TASK INSTRUCTIONS:
Repeat, exactly and in full, the lines of the listing below, but without any pictures.

RECORD SET:

BEGIN

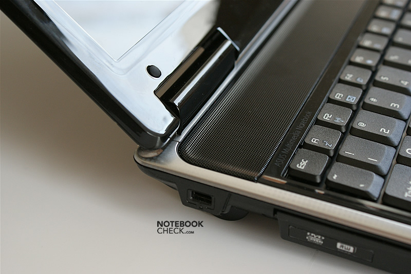 Lakiery, ach te lakiery. Jako że prezentowany model przynależy do linii M plasującej się dość wysoko w asusowej hierarchii, machnięto w nim czarne, błyszczące pokrycie wieka (z ornamentem Infusion). Tyle tylko, że ozdobiona tymże klapa bardzo się palcuje (a zafajdany w ten sposób sprzęt wygląda koszmarnie), a tego efektu nie uświadczymy (albo występuje w znikomym stopniu) w tradycyjnie wykończonych konstrukcjach, bez efektownego pokrycia.
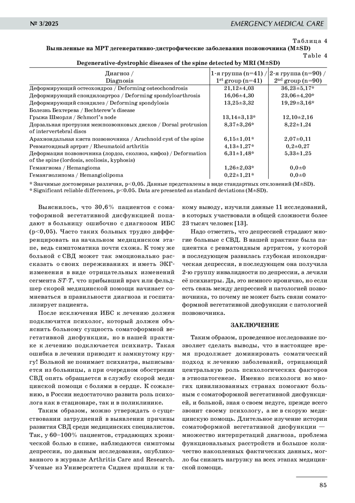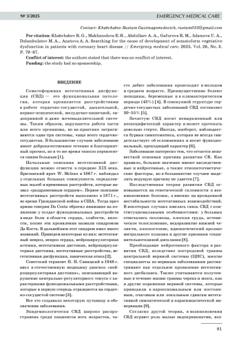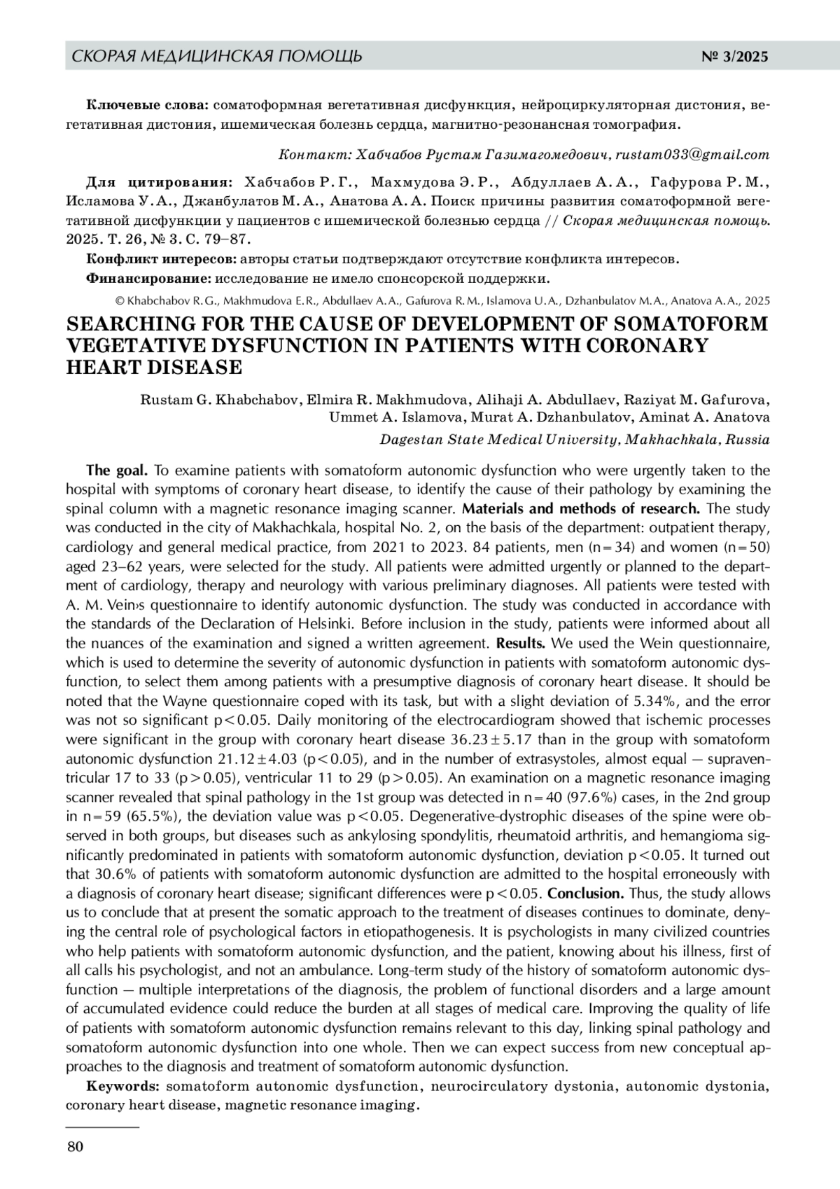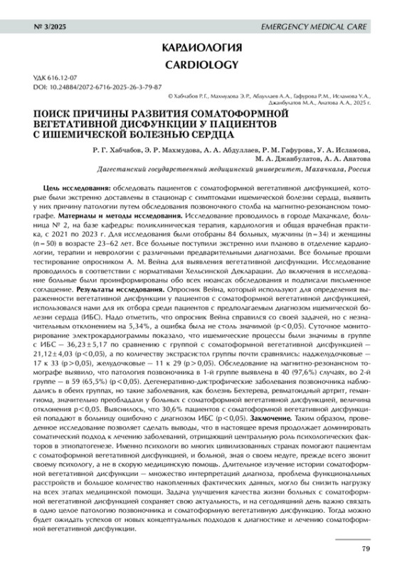 Цель исследования: обследовать пациентов с соматоформной вегетативной дисфункцией, которые были экстренно доставлены в стационар с симптомами ишемической болезни сердца, выявить у них причину патологии путем обследования позвоночного столба на магнитно- резонансном томографе. Материалы и методы исследования. Исследование проводилось в городе Махачкале, больница № 2, на базе кафедры: поликлиническая терапия, кардиология и общая врачебная практика, с 2021 по 2023 г. Для исследования были отобраны 84 больных, мужчины (n=34) и женщины (n=50) в возрасте 23–62 лет. Все больные поступили экстренно или планово в отделение кардиологии, терапии и неврологии с различными предварительными диагнозами. Все больные прошли тестирование опросником А. М. Вейна для выявления вегетативной дисфункции. Исследование проводилось в соответствии с нормативами Хельсинской Декларации. До включения в исследование больные были проинформированы обо всех нюансах обследования и подписали письменное соглашение. Результаты исследования. Опросник Вейна, который используют для определения выраженности вегетативной дисфункции у пациентов с соматоформной вегетативной дисфункцией, использовался нами для их отбора среди пациентов с предполагаемым диагнозом ишемической болезни сердца (ИБС). Надо отметить, что опросник Вейна справился со своей задачей, но с незначительным отклонением на 5,34%, а ошибка была не столь значимой (р<0,05). Суточное мониторирование электрокардиограммы показало, что ишемические процессы были значимы в группе с ИБС — 36,23±5,17 по сравнению с группой с соматоформной вегетативной дисфункцией — 21,12±4,03 (p<0,05), а по количеству экстрасистол группы почти сравнялись: наджелудочковые — 17 к 33 (p>0,05), желудочковые — 11 к 29 (p>0,05). Обследование на магнитно- резонансном томографе выявило, что патология позвоночника в 1-й группе выявлена в 40 (97,6%) случаях, во 2-й группе — в 59 (65,5%) (р<0,05). Дегенеративно- дистрофические заболевания позвоночника наблюдались в обеих группах, но такие заболевания, как болезнь Бехтерева, ревматоидный артрит, гемангиома, значительно преобладали у больных с соматоформной вегетативной дисфункцией, величина отклонения р<0,05. Выяснилось, что 30,6% пациентов с соматоформной вегетативной дисфункцией попадают в больницу ошибочно с диагнозом ИБС (р<0,05). Заключение. Таким образом, проведенное исследование позволяет сделать выводы, что в настоящее время продолжает доминировать соматический подход к лечению заболеваний, отрицающий центральную роль психологических факторов в этиопатогенезе. Именно психологи во многих цивилизованных странах помогают пациентам с соматоформной вегетативной дисфункцией, и больной, зная о своем недуге, прежде всего звонит своему психологу, а не в скорую медицинскую помощь. Длительное изучение истории соматоформной вегетативной дисфункции — множество интерпретаций диагноза, проблема функциональных расстройств и большое количество накопленных фактических данных, могло бы снизить нагрузку на всех этапах медицинской помощи. Задача улучшения качества жизни больных с соматоформной вегетативной дисфункцией сохраняет свою актуальность, и на сегодняшний день важно связать в одно целое патологию позвоночника и соматоформную вегетативную дисфункцию. Тогда можно будет ожидать успехов от новых концептуальных подходо
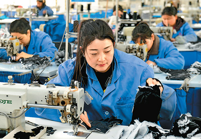 近日,在山東(dong) 省濟寧市嘉祥縣的一家企業(ye) 車間內(nei) ,工作人員在縫製滑雪手套。作為(wei) 中國重要的滑雪手套生產(chan) 基地之一,嘉祥縣手套產(chan) 品遠銷60多個(ge) 國家和地區。新華社記者 郭緒雷 攝
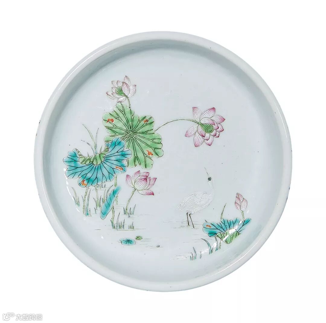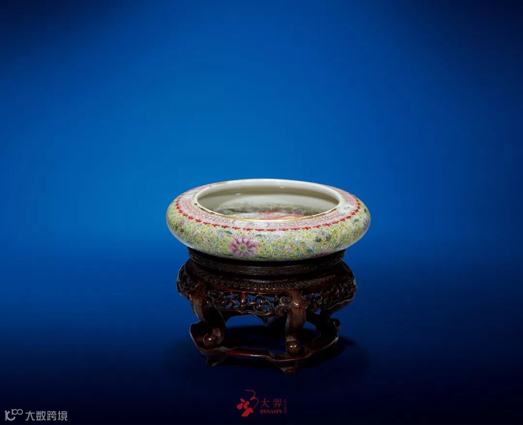 此洗口底直径相若,直壁,线条利落简约,造型大方端庄。体量均匀,胎质细腻坚实,釉面光润,温醇莹亮。洗内以粉彩绘荷花鹭鸶纹样,寓意“一路连科”。绘制技艺极为精湛,以填彩浓淡显示莲叶向背,生动写实,自然鲜活。构图疏密有致,层次清晰,格调高雅,极富意韵。外壁以粉彩绘缠枝宝相花,缠枝流畅,委婉柔美,花卉妍丽,设色明艳。
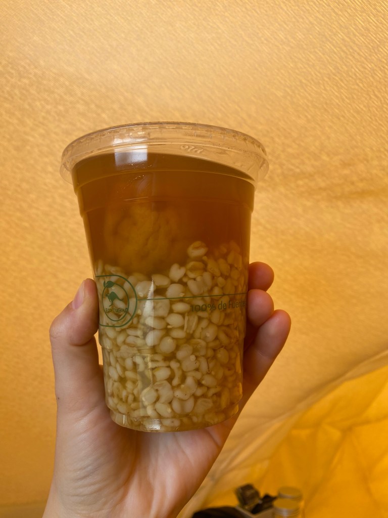 - Mote Con Huesillos – As my friend aptly described, this is Chilean boba. It is made of mote (shelled wheat), huesillo (sun-dried peaches) and peach syrup with sugar and cinnamon sticks. Found in the park at Plaza de Armas Arturo Prat.
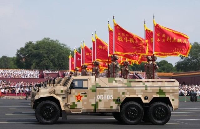 9月3日,纪念中国人民抗日战争暨世界反法西斯战争胜利80周年大会在北京隆重举行。这是民兵方队接受检阅。新华社记者 郭昱 摄
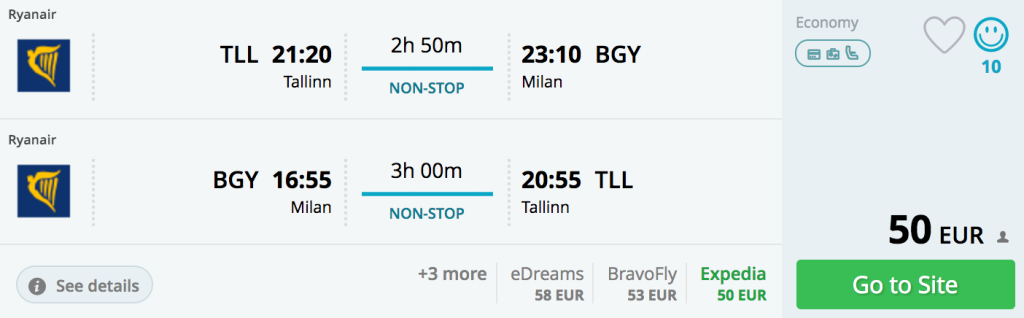 Hetkel on võimalik leida soodsate hindadega lennupileteid sügisel ning talvel Tallinnast Milanosse (BGY). Lennufirmaks Ryanair ning tegemist on otselendudega Milano Bergamo lennujaama. Edasi-tagasi lennupiletite hinnad leiab odavaimatel kuupäevadel vaid 50€ eest! Ehkki Milaanot tuntakse kui moepealinna on Bergamo ümbruses ka mitmeid suusakuurorte. Seega tegemist on hea võimalusega suusatada talvel Itaalia Alpides. Eeldusel, et seal muidugi lund on :)
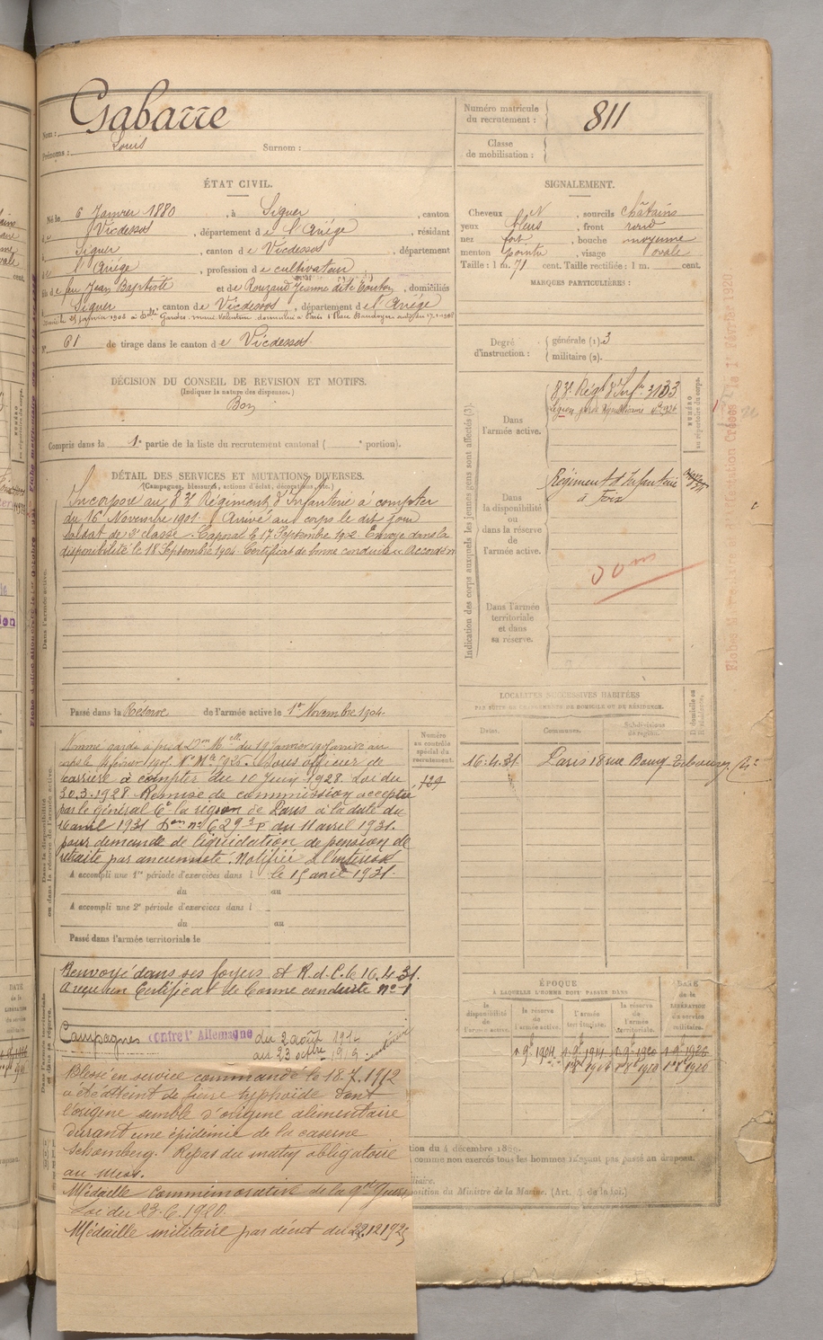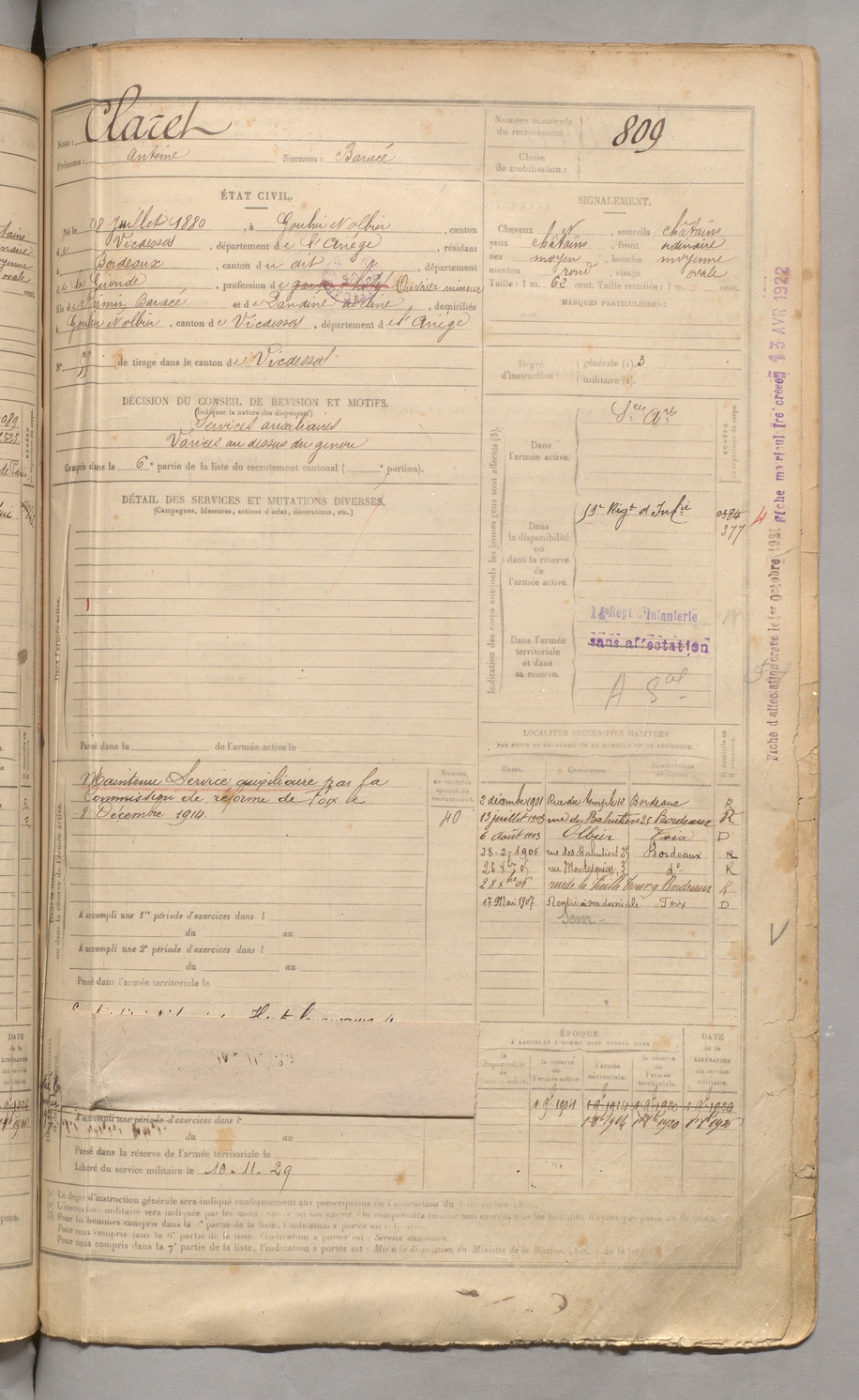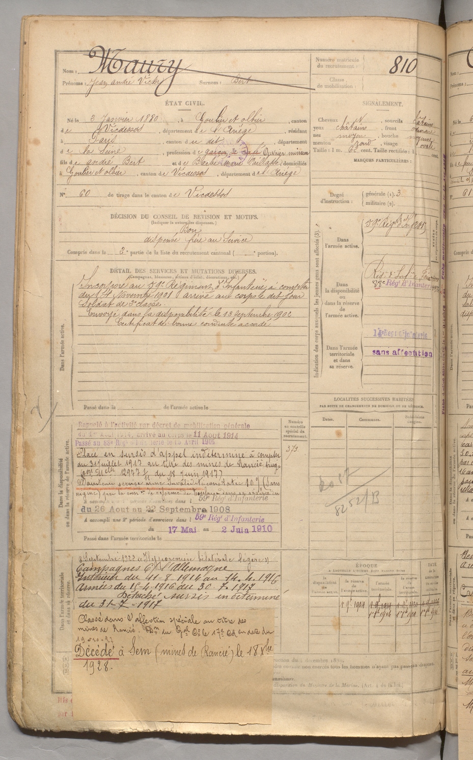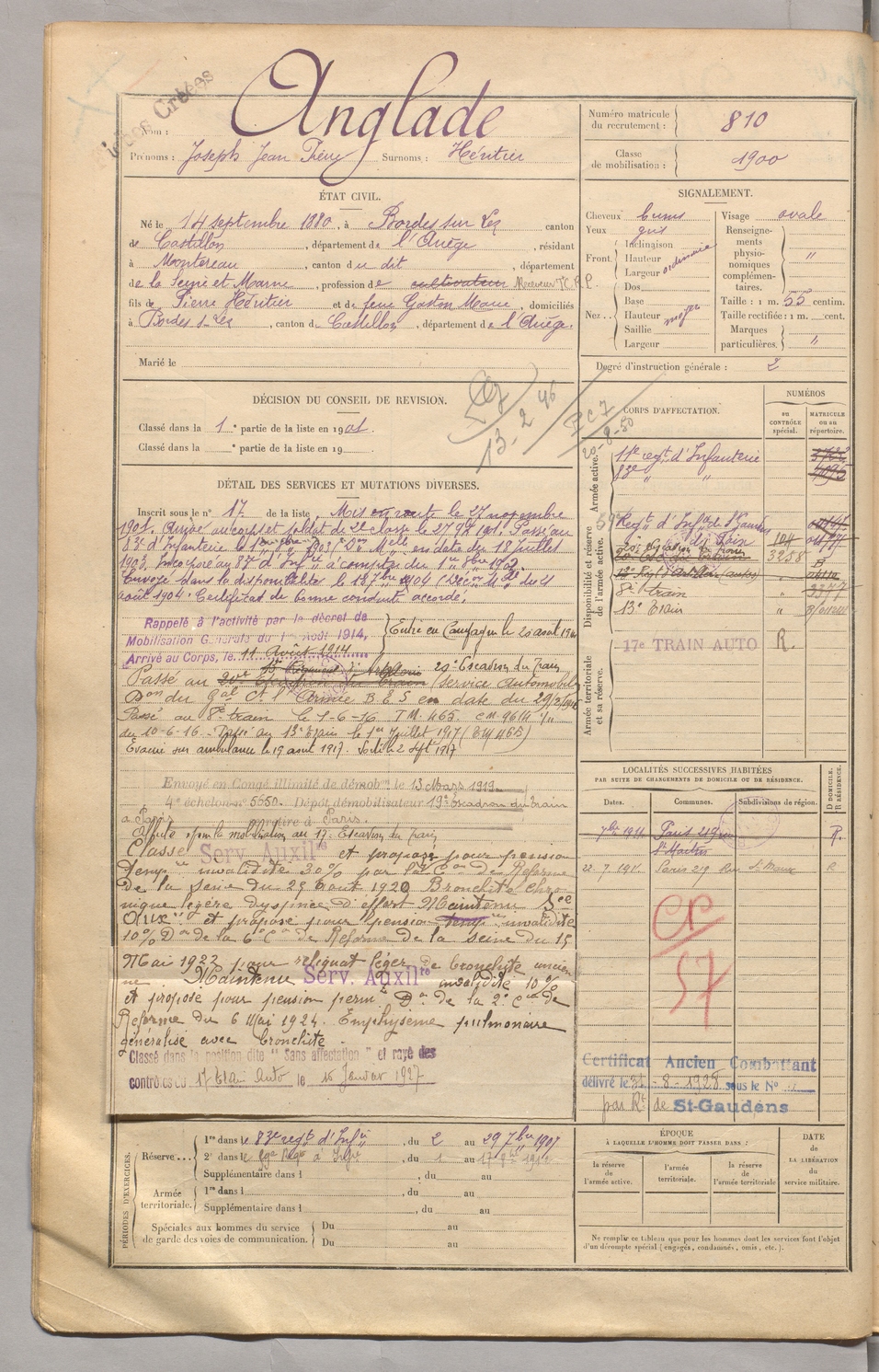 | Anglade | Joseph Jean Pierre dit Héritier | FOIX | 129 W 5 | 1900 | Bordes-sur-Lez | Montereau | 810 |

END

SOLUTION TO THIS PROBLEM:
 Lakiery, ach te lakiery. Jako że prezentowany model przynależy do linii M plasującej się dość wysoko w asusowej hierarchii, machnięto w nim czarne, błyszczące pokrycie wieka (z ornamentem Infusion). Tyle tylko, że ozdobiona tymże klapa bardzo się palcuje (a zafajdany w ten sposób sprzęt wygląda koszmarnie), a tego efektu nie uświadczymy (albo występuje w znikomym stopniu) w tradycyjnie wykończonych konstrukcjach, bez efektownego pokrycia.
 Цель исследования: обследовать пациентов с соматоформной вегетативной дисфункцией, которые были экстренно доставлены в стационар с симптомами ишемической болезни сердца, выявить у них причину патологии путем обследования позвоночного столба на магнитно- резонансном томографе. Материалы и методы исследования. Исследование проводилось в городе Махачкале, больница № 2, на базе кафедры: поликлиническая терапия, кардиология и общая врачебная практика, с 2021 по 2023 г. Для исследования были отобраны 84 больных, мужчины (n=34) и женщины (n=50) в возрасте 23–62 лет. Все больные поступили экстренно или планово в отделение кардиологии, терапии и неврологии с различными предварительными диагнозами. Все больные прошли тестирование опросником А. М. Вейна для выявления вегетативной дисфункции. Исследование проводилось в соответствии с нормативами Хельсинской Декларации. До включения в исследование больные были проинформированы обо всех нюансах обследования и подписали письменное соглашение. Результаты исследования. Опросник Вейна, который используют для определения выраженности вегетативной дисфункции у пациентов с соматоформной вегетативной дисфункцией, использовался нами для их отбора среди пациентов с предполагаемым диагнозом ишемической болезни сердца (ИБС). Надо отметить, что опросник Вейна справился со своей задачей, но с незначительным отклонением на 5,34%, а ошибка была не столь значимой (р<0,05). Суточное мониторирование электрокардиограммы показало, что ишемические процессы были значимы в группе с ИБС — 36,23±5,17 по сравнению с группой с соматоформной вегетативной дисфункцией — 21,12±4,03 (p<0,05), а по количеству экстрасистол группы почти сравнялись: наджелудочковые — 17 к 33 (p>0,05), желудочковые — 11 к 29 (p>0,05). Обследование на магнитно- резонансном томографе выявило, что патология позвоночника в 1-й группе выявлена в 40 (97,6%) случаях, во 2-й группе — в 59 (65,5%) (р<0,05). Дегенеративно- дистрофические заболевания позвоночника наблюдались в обеих группах, но такие заболевания, как болезнь Бехтерева, ревматоидный артрит, гемангиома, значительно преобладали у больных с соматоформной вегетативной дисфункцией, величина отклонения р<0,05. Выяснилось, что 30,6% пациентов с соматоформной вегетативной дисфункцией попадают в больницу ошибочно с диагнозом ИБС (р<0,05). Заключение. Таким образом, проведенное исследование позволяет сделать выводы, что в настоящее время продолжает доминировать соматический подход к лечению заболеваний, отрицающий центральную роль психологических факторов в этиопатогенезе. Именно психологи во многих цивилизованных странах помогают пациентам с соматоформной вегетативной дисфункцией, и больной, зная о своем недуге, прежде всего звонит своему психологу, а не в скорую медицинскую помощь. Длительное изучение истории соматоформной вегетативной дисфункции — множество интерпретаций диагноза, проблема функциональных расстройств и большое количество накопленных фактических данных, могло бы снизить нагрузку на всех этапах медицинской помощи. Задача улучшения качества жизни больных с соматоформной вегетативной дисфункцией сохраняет свою актуальность, и на сегодняшний день важно связать в одно целое патологию позвоночника и соматоформную вегетативную дисфункцию. Тогда можно будет ожидать успехов от новых концептуальных подходо
 近日,在山東(dong) 省濟寧市嘉祥縣的一家企業(ye) 車間內(nei) ,工作人員在縫製滑雪手套。作為(wei) 中國重要的滑雪手套生產(chan) 基地之一,嘉祥縣手套產(chan) 品遠銷60多個(ge) 國家和地區。新華社記者 郭緒雷 攝
 此洗口底直径相若,直壁,线条利落简约,造型大方端庄。体量均匀,胎质细腻坚实,釉面光润,温醇莹亮。洗内以粉彩绘荷花鹭鸶纹样,寓意“一路连科”。绘制技艺极为精湛,以填彩浓淡显示莲叶向背,生动写实,自然鲜活。构图疏密有致,层次清晰,格调高雅,极富意韵。外壁以粉彩绘缠枝宝相花,缠枝流畅,委婉柔美,花卉妍丽,设色明艳。
 - Mote Con Huesillos – As my friend aptly described, this is Chilean boba. It is made of mote (shelled wheat), huesillo (sun-dried peaches) and peach syrup with sugar and cinnamon sticks. Found in the park at Plaza de Armas Arturo Prat.
 9月3日,纪念中国人民抗日战争暨世界反法西斯战争胜利80周年大会在北京隆重举行。这是民兵方队接受检阅。新华社记者 郭昱 摄
 Hetkel on võimalik leida soodsate hindadega lennupileteid sügisel ning talvel Tallinnast Milanosse (BGY). Lennufirmaks Ryanair ning tegemist on otselendudega Milano Bergamo lennujaama. Edasi-tagasi lennupiletite hinnad leiab odavaimatel kuupäevadel vaid 50€ eest! Ehkki Milaanot tuntakse kui moepealinna on Bergamo ümbruses ka mitmeid suusakuurorte. Seega tegemist on hea võimalusega suusatada talvel Itaalia Alpides. Eeldusel, et seal muidugi lund on :)
 | Anglade | Joseph Jean Pierre dit Héritier | FOIX | 129 W 5 | 1900 | Bordes-sur-Lez | Montereau | 810 |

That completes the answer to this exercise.